- [Problem requirements] Though the entries contain pictures, the copy you make should hold only the rest, exactly as written.

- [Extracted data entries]
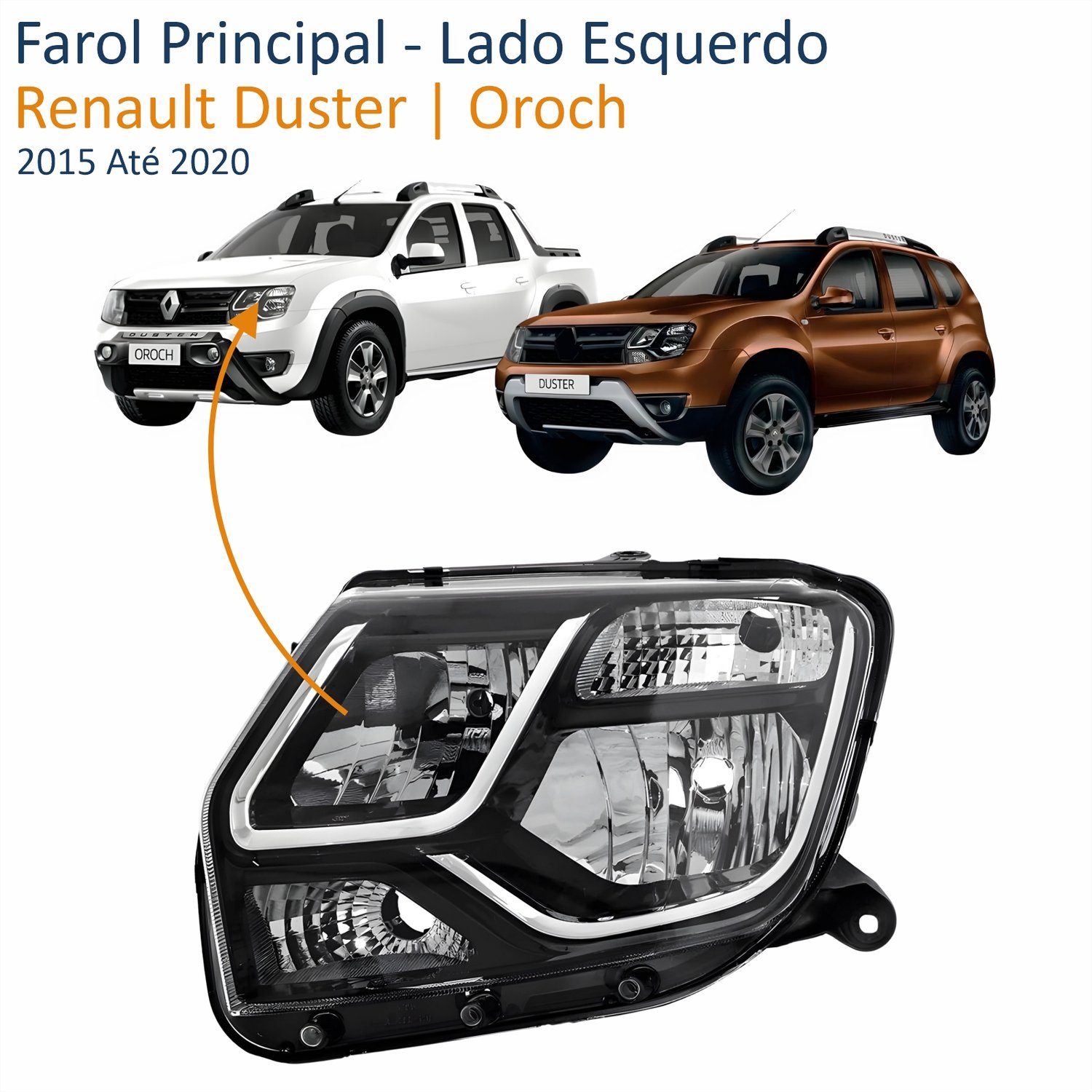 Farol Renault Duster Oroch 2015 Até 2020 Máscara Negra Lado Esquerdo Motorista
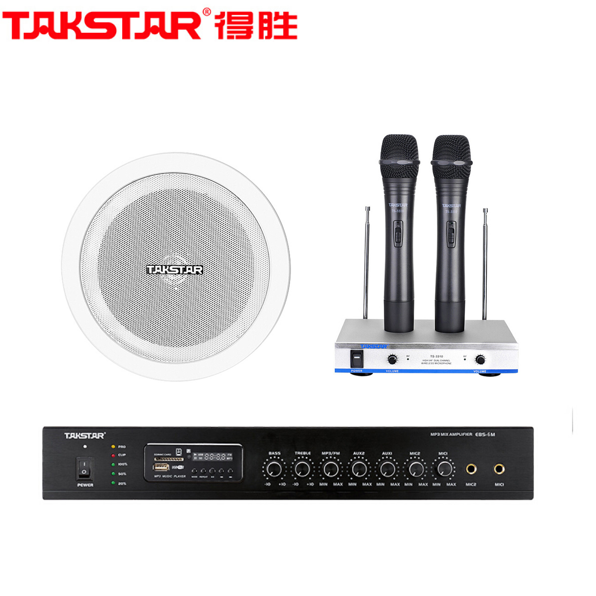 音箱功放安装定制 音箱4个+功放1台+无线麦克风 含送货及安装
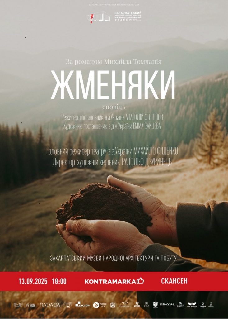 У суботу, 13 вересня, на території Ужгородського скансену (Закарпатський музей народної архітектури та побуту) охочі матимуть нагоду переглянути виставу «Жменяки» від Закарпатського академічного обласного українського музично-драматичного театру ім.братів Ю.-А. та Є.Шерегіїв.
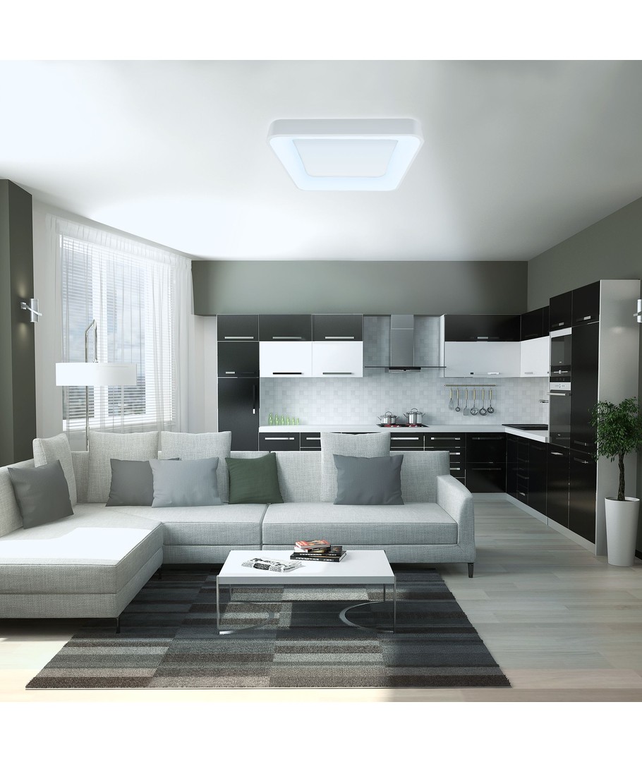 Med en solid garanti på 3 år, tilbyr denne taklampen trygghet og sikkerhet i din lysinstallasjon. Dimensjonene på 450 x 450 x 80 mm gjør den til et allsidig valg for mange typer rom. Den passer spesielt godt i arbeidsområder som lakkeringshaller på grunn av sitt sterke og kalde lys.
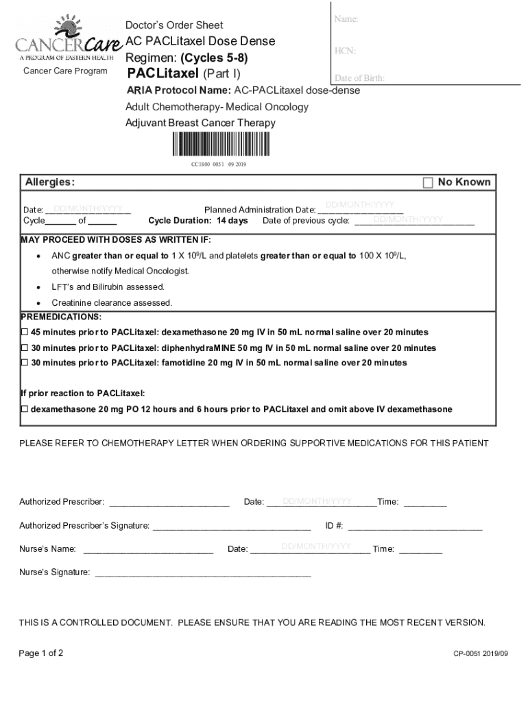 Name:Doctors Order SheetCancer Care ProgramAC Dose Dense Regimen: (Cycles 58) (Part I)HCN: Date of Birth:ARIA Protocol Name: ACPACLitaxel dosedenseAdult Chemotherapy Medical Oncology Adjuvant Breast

- [Answer for the task]
 Farol Renault Duster Oroch 2015 Até 2020 Máscara Negra Lado Esquerdo Motorista
 音箱功放安装定制 音箱4个+功放1台+无线麦克风 含送货及安装
 У суботу, 13 вересня, на території Ужгородського скансену (Закарпатський музей народної архітектури та побуту) охочі матимуть нагоду переглянути виставу «Жменяки» від Закарпатського академічного обласного українського музично-драматичного театру ім.братів Ю.-А. та Є.Шерегіїв.
 Med en solid garanti på 3 år, tilbyr denne taklampen trygghet og sikkerhet i din lysinstallasjon. Dimensjonene på 450 x 450 x 80 mm gjør den til et allsidig valg for mange typer rom. Den passer spesielt godt i arbeidsområder som lakkeringshaller på grunn av sitt sterke og kalde lys.
 Name:Doctors Order SheetCancer Care ProgramAC Dose Dense Regimen: (Cycles 58) (Part I)HCN: Date of Birth:ARIA Protocol Name: ACPACLitaxel dosedenseAdult Chemotherapy Medical Oncology Adjuvant Breast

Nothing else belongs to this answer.